Leaving out every picture, copy the lines of the material below exactly, from the line containing "Папа Римский заявил, что" through the line containing "证券之星消息,截至2025年".

The data
►
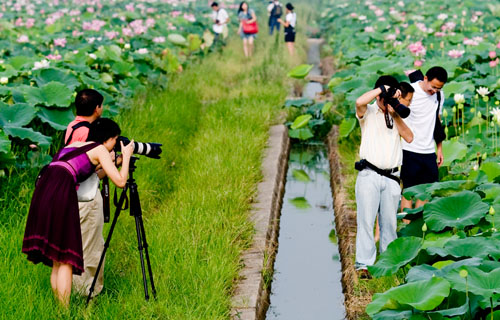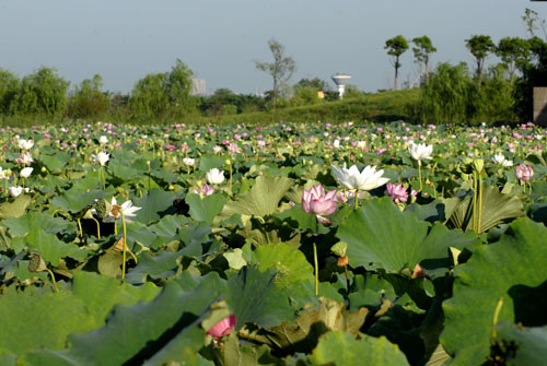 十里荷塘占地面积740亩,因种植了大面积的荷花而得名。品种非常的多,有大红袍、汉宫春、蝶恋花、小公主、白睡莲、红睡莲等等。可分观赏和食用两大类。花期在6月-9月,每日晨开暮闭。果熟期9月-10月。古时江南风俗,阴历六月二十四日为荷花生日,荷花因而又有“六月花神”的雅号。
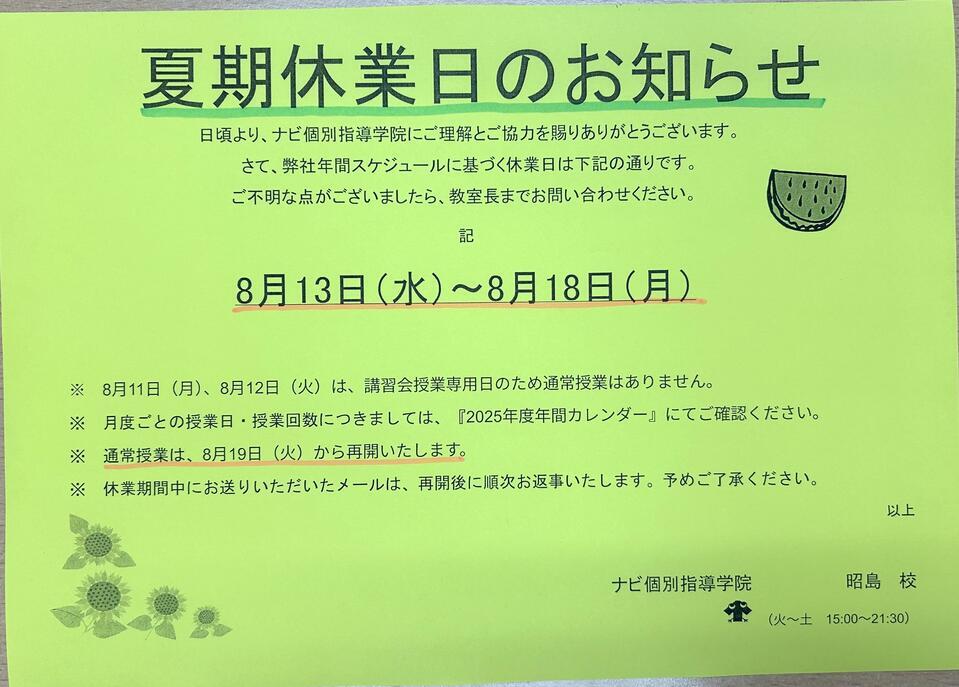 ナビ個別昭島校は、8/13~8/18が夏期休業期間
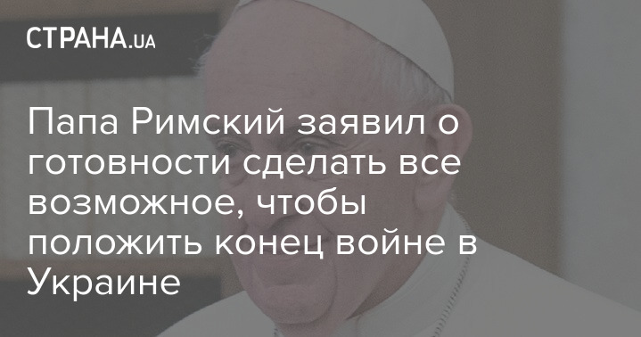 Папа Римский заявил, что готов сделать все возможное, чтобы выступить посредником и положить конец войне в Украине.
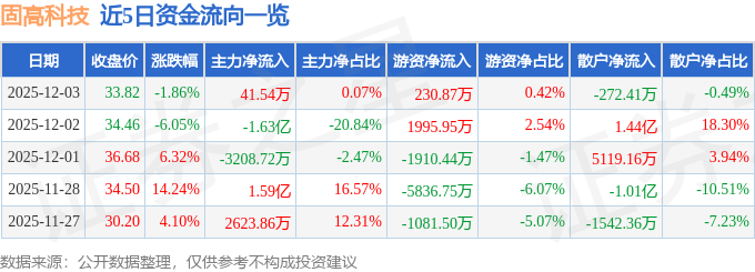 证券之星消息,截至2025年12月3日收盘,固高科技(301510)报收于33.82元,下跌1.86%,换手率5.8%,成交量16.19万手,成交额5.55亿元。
◄
►
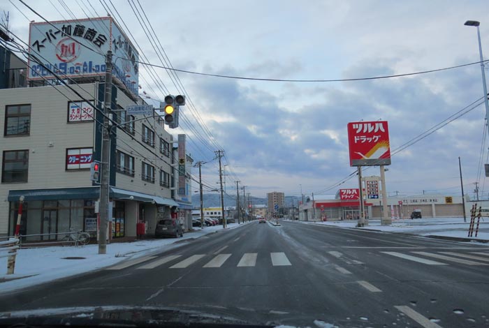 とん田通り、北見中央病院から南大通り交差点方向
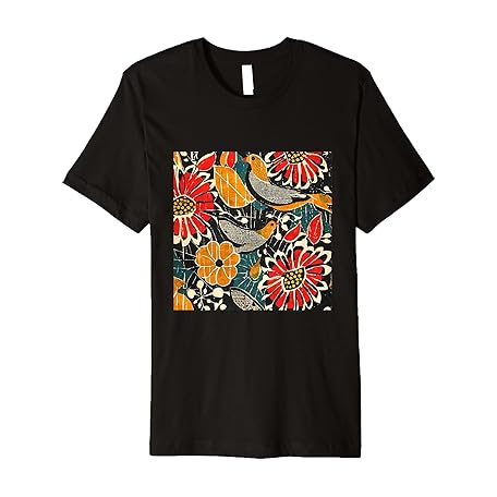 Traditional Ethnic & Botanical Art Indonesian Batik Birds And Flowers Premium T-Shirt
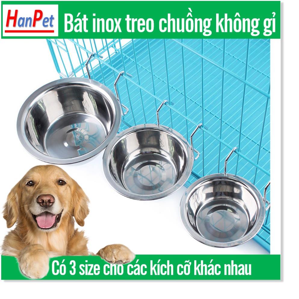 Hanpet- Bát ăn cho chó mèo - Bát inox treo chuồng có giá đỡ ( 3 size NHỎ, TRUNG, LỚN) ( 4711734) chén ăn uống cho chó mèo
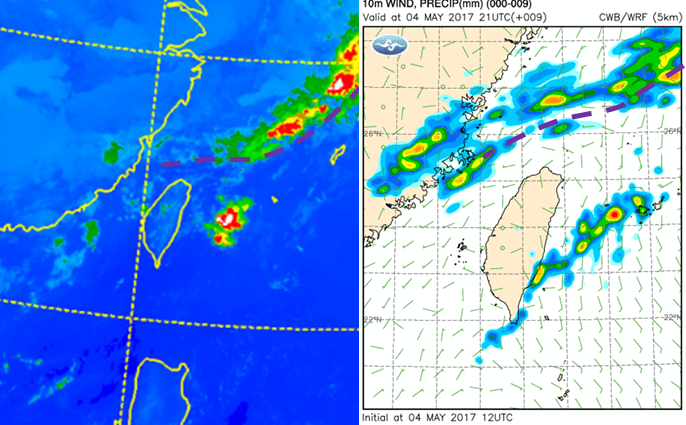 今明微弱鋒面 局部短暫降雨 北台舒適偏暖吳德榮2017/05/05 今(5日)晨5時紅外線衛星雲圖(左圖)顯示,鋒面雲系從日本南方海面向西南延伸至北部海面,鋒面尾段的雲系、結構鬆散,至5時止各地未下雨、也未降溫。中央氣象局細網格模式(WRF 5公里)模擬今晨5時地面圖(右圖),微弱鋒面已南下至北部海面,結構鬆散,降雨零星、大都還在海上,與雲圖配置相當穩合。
◄
►
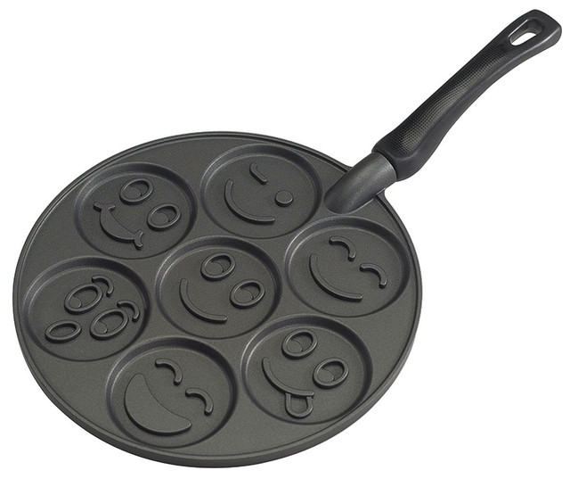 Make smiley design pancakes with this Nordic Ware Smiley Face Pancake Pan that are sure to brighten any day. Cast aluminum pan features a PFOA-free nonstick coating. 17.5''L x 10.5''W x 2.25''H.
◄
Exercise output
 Папа Римский заявил, что готов сделать все возможное, чтобы выступить посредником и положить конец войне в Украине.
 证券之星消息,截至2025年12月3日收盘,固高科技(301510)报收于33.82元,下跌1.86%,换手率5.8%,成交量16.19万手,成交额5.55亿元。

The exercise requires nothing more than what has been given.